After booking a flight and hotel, the next thing on my mind is how I’m going to stay connected while on the road. When traveling internationally, I’ve found that the best solution for me is to rent (or buy) a mobile wifi hotspot device. Most countries I’ve visited have these available for rent (or purchase) and you can usually pick them up and drop them off at the airport, which makes it very convenient. With my mobile wifi, I can map my way around town (google maps even shows you public transportation options with train info even down to which platform you need to catch the train from), yelp a good restaurant, and of course post photos on Instagram!

Many people choose to get a local SIM card, but the disadvantages of this route are that that not all countries let you do this, the SIM card is tied to just one phone, your phone has to be unlocked, and there is no guarantee that it will work once you are there. The mobile wifi device works with any phone and allows you to connect multiple devices to it, but you will only have wifi (not voice) so you would need a Skype type option to make phone calls. So, when planning your next international trip, just google search “mobile wifi” in that country to find the best rental or purchase options.


4. My favorite travel bag/purse

I have taken this Kipling Machida crossbody bag (that I’m wearing in the photo above) on every trip for the past year, and it still surprises me how useful it is with the many pockets and compartments without being overwhelmingly large. I like to pack light for a day of walking around since, as you now know, I like to walk for miles on end and am usually also carting a heavy DSLR. This bag fits my wallet, phone, mobile wifi, water bottle, snacks, hand sanitizer, a couple cosmetics products, note pad, pen, and still has compartments for random things I may collect throughout the day.



5. A good backpack

I’m still searching for the perfect travel backpack (if you know of one, please let me know!), but this High Sierra backpack has many features I love. I always buy 2 liters of water before getting on the plane, and this is one of the only backpacks that can fit the large liter bottles in the side pockets. In the main compartment, I can fit my 15″ Macbook Pro, a DSLR with 2 lenses, an inflatable airplane pillow, and snacks, leaving 2 other compartments for everything else. It has a small zippered compartment where I keep small headphones and ear plugs, and another pocket for my phone charger. My ancient Jansport backpack was more comfortable and durable, which is why I am still looking for that ideal backpack, but for now this one is pretty good. Plus, it comes in so many fun colors and I get many compliments on my gray floral print backpack.

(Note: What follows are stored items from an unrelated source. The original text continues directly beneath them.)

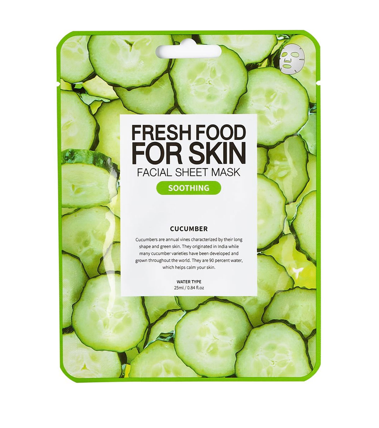 Tauchen Sie ein in Frische und Feuchtigkeit mit unserer Farm Skin Gurkenwasser-Gesichtsmaske , die zu 90 % aus erfrischendem Gurkenwasser besteht.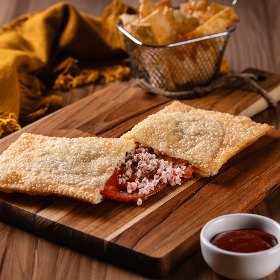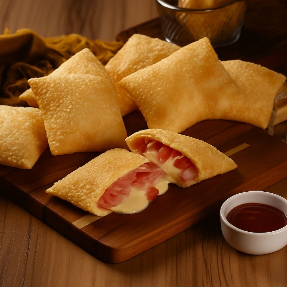 O favorito de todos! Recheado com mussarela, presunto, tomate e orégano — sabor de pizzaria em forma de pastel.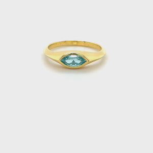 A stunning aqua gaze is CZ eye-shaped ring designed to deflect negative energy and protect the wearer with its captivating gaze. This piece merges ancient symbolism with contemporary elegance, offering both a beautiful adornment and a powerful shield. Pair with the matching necklace.
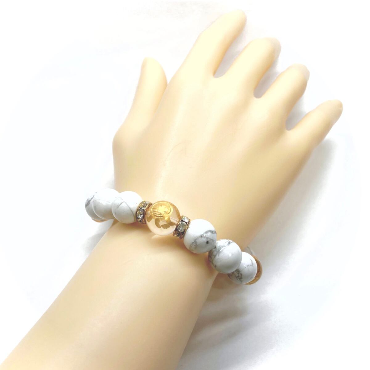 ご覧頂いているブレスレットは、四神獣金彫水晶とハウライトを組み合わせたブレスレット。守り神である四神とパワーストーンの組み合わせで運気の流れを引き寄せる強運ブレスレットです。シンプルなデザインで男女問わず、年齢問わずご使用頂けるデザインなっております。シンプルなデザインは日常のアクセントとして、仕事やビジネスカジュアル、パーティーや特別なイベントなど様々なシーン活用できます。また、ちょっと贈り物にも最適なブレスレットになっております。四神獣を身につけて厄災から身を守り、多くの運気を呼び込まれてください。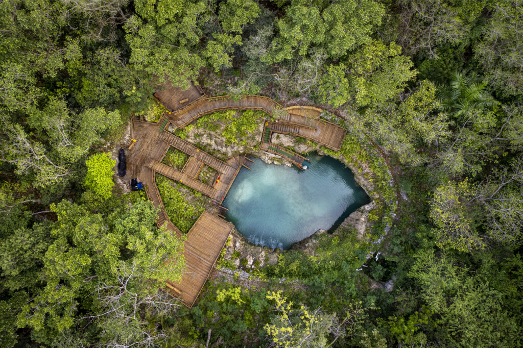 Los cenotes son un depósito natural de agua, generalmente subterráneo, que se encuentra en áreas de roca caliza. El relieve kárstico ha esculpido cavidades donde la lluvia se filtra y forma espejos turquesa. Hay pozas abiertas bañadas por el sol y cámaras subterráneas donde la temperatura baja y el sonido se vuelve profundo. La transición entre sombra y brillo define el carácter de cada parada.Dentro del mapa de cenotes en República Dominicana, Cap Cana concentra experiencias ideales para una jornada completa. Allí se encuentra el cenote de Scape Park, conocido como Blue Hole. El cambio de luz según la hora transforma el color y el ánimo, por eso conviene planear ventanas de mañana para capturar tonos intensos.

6. DSLR Insert for a Backpack

There are loads of great camera bags and backpacks out there, but I wanted just one backpack that works without carrying a camera, so I decided to get an insert to turn my regular backpack into a camera bag. These inserts come in many sizes, so you can find one that fits best into your bag. This sits in the bottom of the main compartment of my backpack and can hold my DSLR with lens plus one extra lens (and a few smaller accessories). It has a padded top so you can pack other things on top of it.


What travel gear makes traveling more convenient for you?